Snap, the Los Angeles-based parent company of the picture-messaging app Snapchat, filed confidential paperwork last fall for an IPO, setting the wheels in motion for what's likely to be the largest tech debut in years.
It's still expected to list its shares in late March at a value of between $20 billion and $25 billion. No decision has been made on which exchange Snap will list its shares on, sources said.
Snap was able to file confidentially with the Securities and Exchange Commission because it has annual revenue of under $1 billion. It can't hold formal meetings -- the official IPO "roadshow" -- with investors until 21 days after its financial statements are made publicly available. To meet a late-March-debut goal, Snap has until mid-February to make its paperwork public.
But Spiegel and his team have visited potential investors for "educational" meetings -- in other words, to introduce them to the technology and sell Spiegel's vision for the future of the company. Those meetings brought him to New York last week, the people who spoke with Business Insider said. The Wall Street Journal reported last month that Snap executives have held the meetings in several cities around the U.S.
The company's 26-year-old CEO is leaving the nuts and bolts of the deal process to his chief financial officer, Drew Vollero, the former Mattel executive who joined the company in 2015, and his chief strategy officer, Imran Khan, the former Credit Suisse investment banker known for helping take Alibaba and several other tech companies public.
Spiegel will, however, be the focus of the message that management conveys to investors, three people said. He will be framed as a visionary, similar to how Facebook CEO Mark Zuckerberg was depicted before that company's flotation.
"Evan is the visionary -- Evan is the story," one person told Business Insider.
Snap lieutenants are also scheduled to meet with stock analysts next week, according to a report earlier this week by Axios' Dan Primack. These meetings are meant to help the analysts refine their financial models -- again, ahead of the release of official financial statements -- and the documents could be public soon after.

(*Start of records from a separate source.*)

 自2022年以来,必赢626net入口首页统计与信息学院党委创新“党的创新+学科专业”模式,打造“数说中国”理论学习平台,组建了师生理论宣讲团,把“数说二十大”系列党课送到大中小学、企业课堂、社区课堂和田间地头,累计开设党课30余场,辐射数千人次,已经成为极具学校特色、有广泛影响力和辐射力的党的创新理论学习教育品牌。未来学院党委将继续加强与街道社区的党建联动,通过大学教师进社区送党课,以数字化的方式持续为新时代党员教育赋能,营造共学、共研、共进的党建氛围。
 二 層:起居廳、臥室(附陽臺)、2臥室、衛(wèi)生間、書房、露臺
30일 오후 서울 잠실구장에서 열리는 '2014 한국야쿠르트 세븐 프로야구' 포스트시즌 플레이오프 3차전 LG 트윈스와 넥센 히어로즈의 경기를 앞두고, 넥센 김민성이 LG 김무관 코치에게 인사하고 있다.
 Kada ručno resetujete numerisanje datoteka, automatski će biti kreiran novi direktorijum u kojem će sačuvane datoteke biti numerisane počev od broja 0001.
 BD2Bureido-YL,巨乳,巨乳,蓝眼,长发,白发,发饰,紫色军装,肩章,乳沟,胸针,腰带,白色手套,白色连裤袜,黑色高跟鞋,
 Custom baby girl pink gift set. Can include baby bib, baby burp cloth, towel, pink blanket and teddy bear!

The precise timing of the release of the financial statements, in what's called an S-1 filing, and of the entire IPO is subject to change, of course. The timeline could be delayed if Snap faces questions from the SEC over its disclosures, if investor sentiment toward stocks sours substantially, or if early feedback from the investor meetings is somehow lackluster.
Snap declined to comment.
For months Snap's IPO has been a foregone conclusion on Wall Street and in Silicon Valley. The company last year added a seasoned IPO specialist to its board and then changed its name from Snapchat to Snap in a move that it said was meant to speak to potential public investors.
"You can search Snapchat or Spectacles for the fun stuff and leave Snap Inc. for the Wall Street crowd :)" the company said in a blog post in September.

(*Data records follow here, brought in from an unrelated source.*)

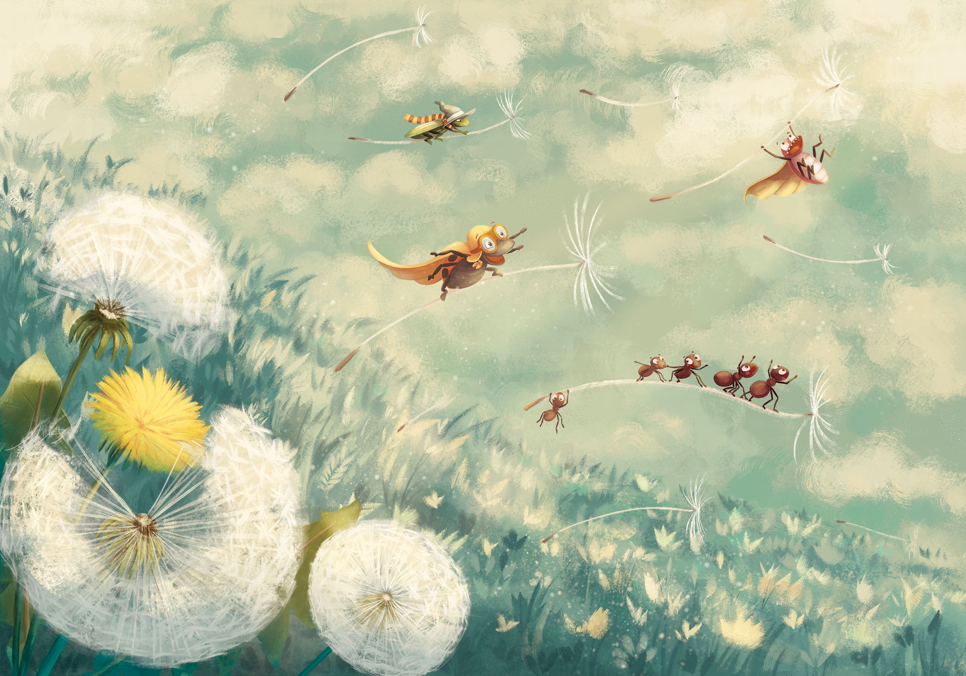 Wiatr rozwiał nasiona dmuchawca, a przeróżne robaczki skrzętnie je wykorzystały surfując na nich, niczym na falach lub lecąc, jak na miotle. W zastosowaniu latających nasion ogranicza je tylko ich fantazja.
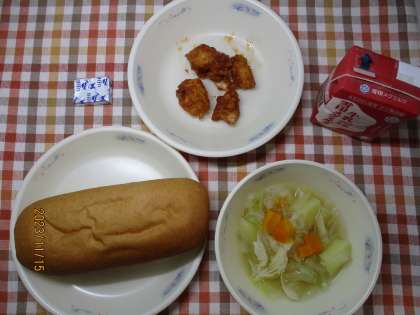 今日の献立は、全粒粉パン・牛乳・チキンのアングレス・野菜のスープ煮・チーズでした。
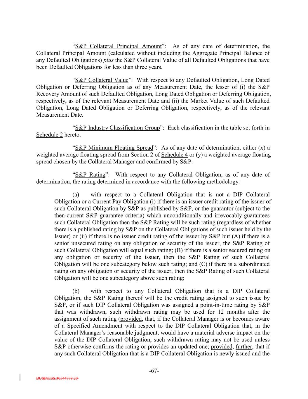 BUSINESS.30544778.20 -67- “S&P Collateral Principal Amount”: As of any date of determination, the Collateral Principal Amount (calculated without including the Aggregate Principal Balance of any Defaulted Obligations) plus the S&P Collateral Value of all Defaulted Obligations that have been Defaulted Obligations for less than three years. “S&P Collateral Value”: With respect to any Defaulted Obligation, Long Dated Obligation or Deferring Obligation as of any Measurement Date, the lesser of (i) the S&P Recovery Amount of such Defaulted Obligation, Long Dated Obligation or Deferring Obligation, respectively, as of the relevant Measurement Date and (ii) the Market Value of such Defaulted Obligation, Long Dated Obligation or Deferring Obligation, respectively, as of the relevant Measurement Date. “S&P Industry Classification Group”: Each classification in the table set forth in Schedule 2 hereto. “S&P Minimum Floating Spread”: As of any date of determination, either (x) a weighted average floating spread from Section 2 of Schedule 4 or (y) a weighted average floating spread chosen by the Collateral Manager and confirmed by S&P. “S&P Rating”: With respect to any Collateral Obligation, as of any date of determination, the rating determined in accordance with the following methodology: (a) with respect to a Collateral Obligation that is not a DIP Collateral Obligation or a Current Pay Obligation (i) if there is an issuer credit rating of the issuer of such Collateral Obligation by S&P as published by S&P, or the guarantor (subject to the then-current S&P guarantee criteria) which unconditionally and irrevocably guarantees such Collateral Obligation then the S&P Rating will be such rating (regardless of whether there is a published rating by S&P on the Collateral Obligations of such issuer held by the Issuer) or (ii) if there is no issuer credit rating of the issuer by S&P but (A) if there is a senior unsecured rating on any obligation or security of the issuer, the S&P Rating of such Collateral Obligation will equal such rating; (B) if there is a senior secured rating on any obligation or security of the issuer, then the S&P Rating of such Collateral Obligation will be one subcategory below such rating; and (C) if there is a subordinated rating on any obligation or security of the issuer, then the S&P Rating of such Collateral Obligation will be one subcategory above such rating; (b) with respect to any Collateral Obligation that is a DIP Collateral Obligation, the S&P Rating thereof will be the credit rating assigned to such issue by S&P, or if such DIP Collateral Obligation was assigned a point-in-time rating by S&P that was withdrawn, such withdrawn rating may be used for 12 months after the assignment of such rating (provided, that, if the Collateral Manager is or becomes aware of a Specified Amendment with respect to the DIP Collateral Obligation that, in the Collateral Manager’s reasonable judgment, would have a material adverse impact on the value of the DIP Collateral Obligation, such withdrawn rating may not be used unless S&P otherwise confirms the rating or provides an updated one; provided, further, that if any such Collateral Obligation that is a DIP Collateral Obligation is newly issued and the
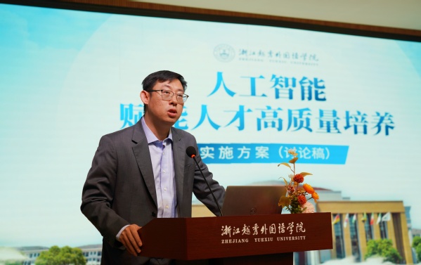 教务处处长尚云峰对学校人工智能赋能人才高质量培养实施方案进行了解读。方案明确了以“学生发展为中心、人工智能素养为引擎、未来学习中心建设为基座”的建设思路,提出了构建具有越秀特色的“人工智能+”高质量人才培养体系的总体目标,并详细阐述了“九大体系”建设任务与分阶段发展目标,为全校全面推进人工智能赋能教育教学提供了行动指南。
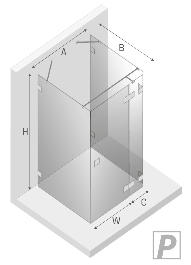KABINA KWADRATOWA PRZYŚCIENNA P 120x120X200 CZYSTE 6MM ACTIVE SHIELD
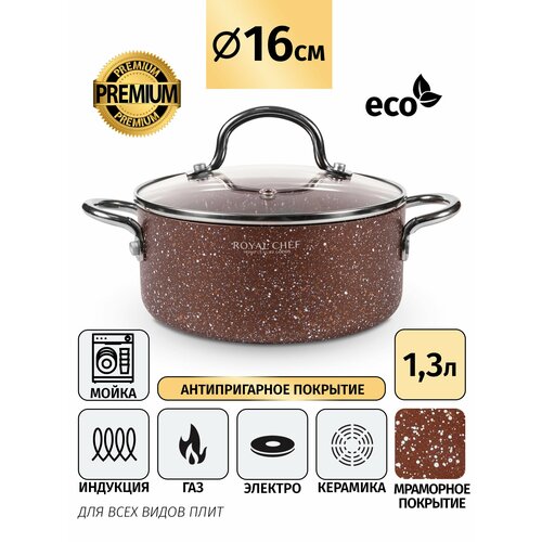Кастрюля c крышкой Royalty Chef коричневая. Объем 1,31 литра. Антипригарное покрытие, стеклянная крышка, материал алюминий. Диаметр 16 см.
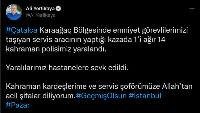 “Çatalca Karaağaç Bölgesinde emniyet görevlilerimizi taşıyan servis aracının yaptığı kazada 1’i ağır 14 kahraman polisimiz yaralandı. Yaralılarımız hastanelere sevk edildi. Kahraman kardeşlerime ve servis şoförümüze Allah’tan acil şifalar diliyorum”
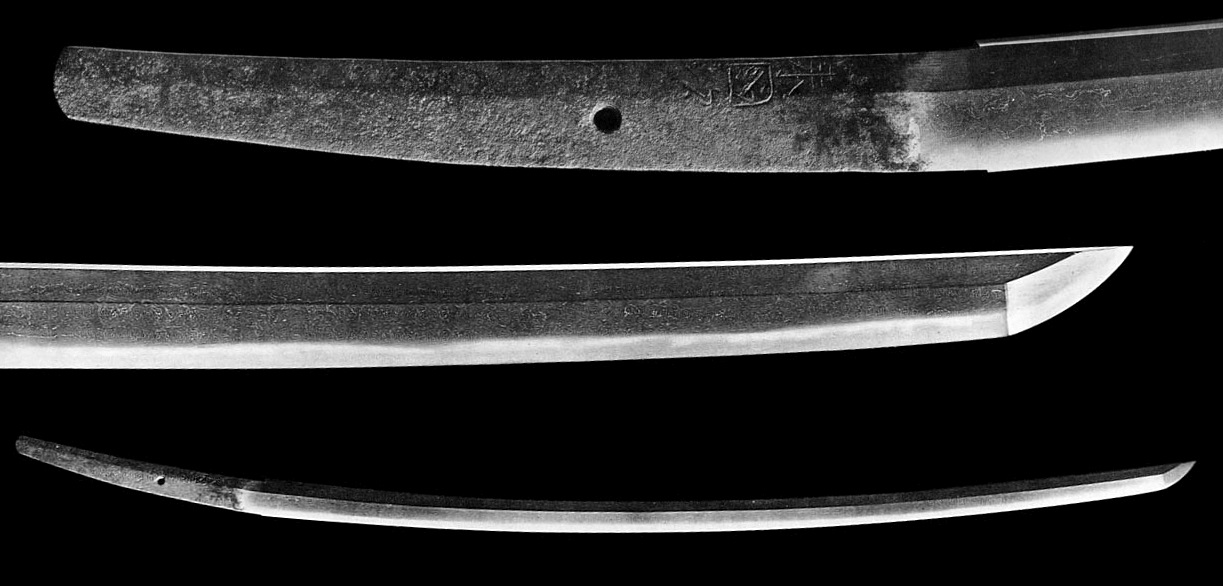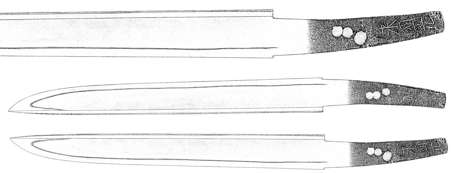 Picture 8: jûyô, tantô, mei “Rai Kunimitsu” (来国光), nagasa 29.15 cm, muzori, motohaba 2.8 cm, hira-zukuri, mitsu-mune, this blade was once presented by shôgun Tokugawa Tsunayoshi (徳川綱吉, 1646-1709) to Iechiyo (家千代, 1707), the second son of his adopted son Ienobu (徳川家宣, 1662-1712) who had died at the age of only two months .

The company's business is quickly evolving from the chat app that gave it its name. The company has increased advertising and added news, and last year it began selling its Spectacles, eyeglasses that can take photos and record video.
On Thursday the Snapchat app was updated to make it easier to use and less confusing for the general public.

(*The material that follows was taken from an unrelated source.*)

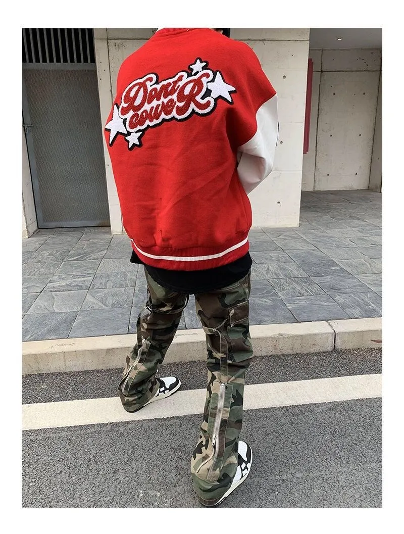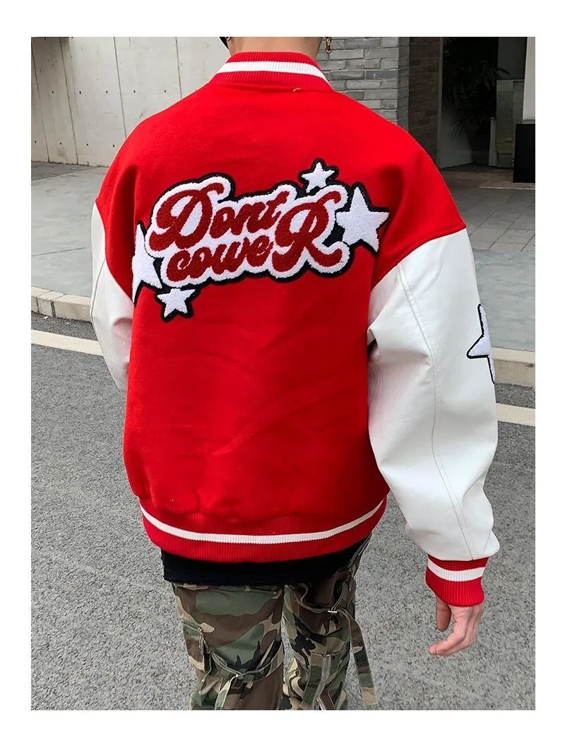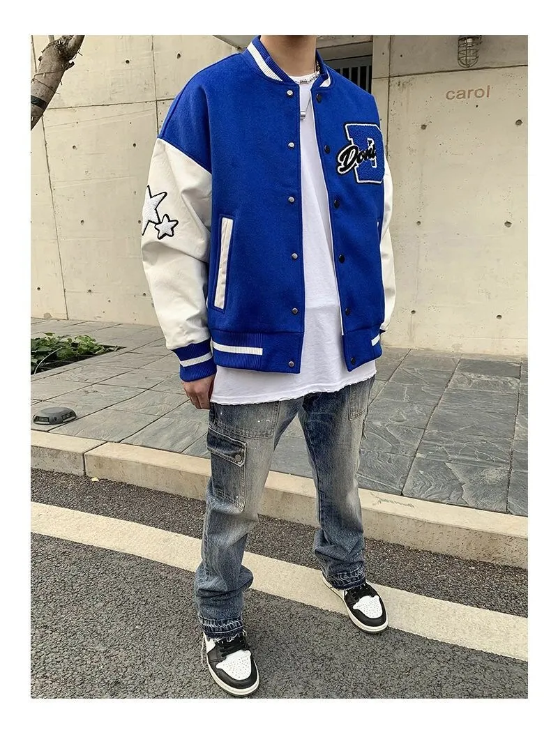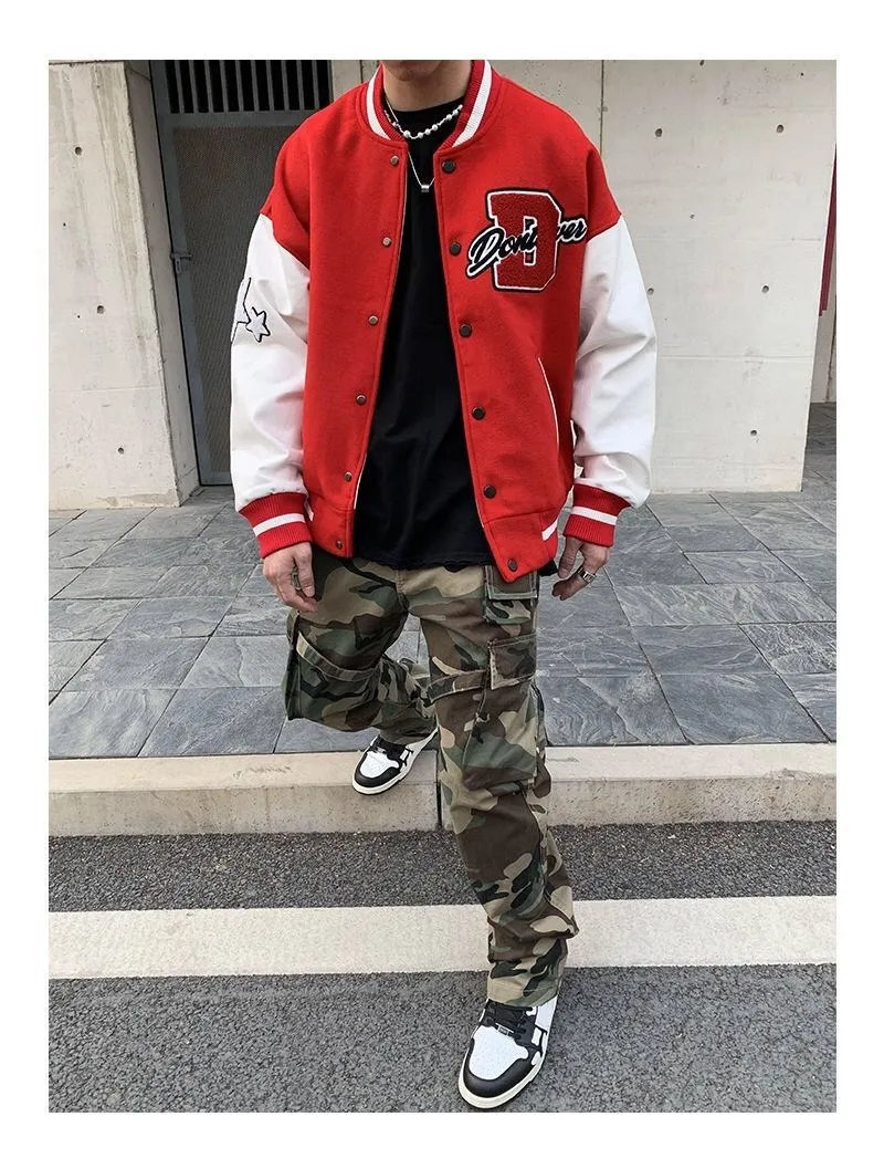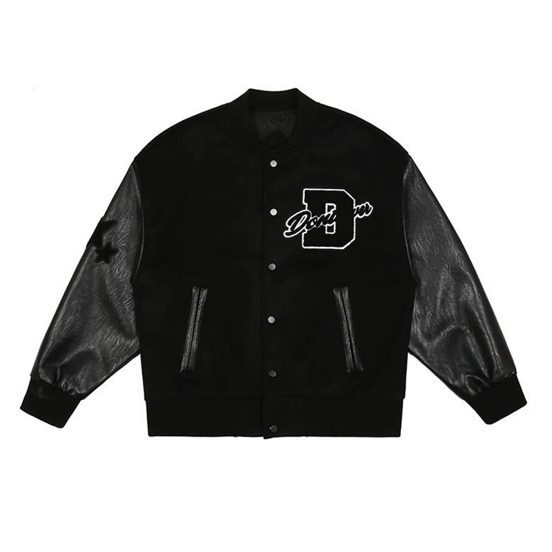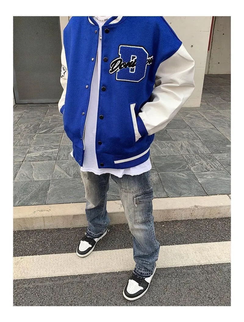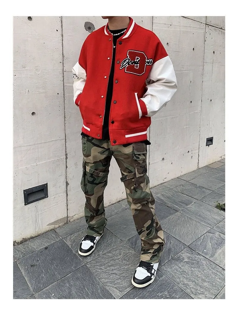 2020 Top Fashion Casual Single Breasted Spliced Rib Sleeve Brand Clothing Bomber Jacket Men Baseball Uniform Male Loose Coat

Still, with Snap potentially valued at as much as $25 billion, the company will need to explain what its total addressable market can be -- outside of the millennial demographic it's already popular with. Snap said in June that it had 150 million daily users. But Instagram, the rival photo app owned by Facebook, has already reached the same number of daily users since launching a Snapchat-like service, dubbed "Stories," in August.
Snap will also have to lay out a vision for how revenue can grow from less than $1 billion to many billions. And the angle Snap chooses in pitching itself to Wall Street will be important. The company's recent foray into hardware and its new identity as a "camera company" could cause investors to value it differently than a pure-play internet company, where profit margins are typically higher.
Snap also faces two lawsuits filed since news of its IPO plans broke last year, including one from a former employee who is accusing the company of lying to investors about its growth metrics. Snap said it thinks the suit has no merit.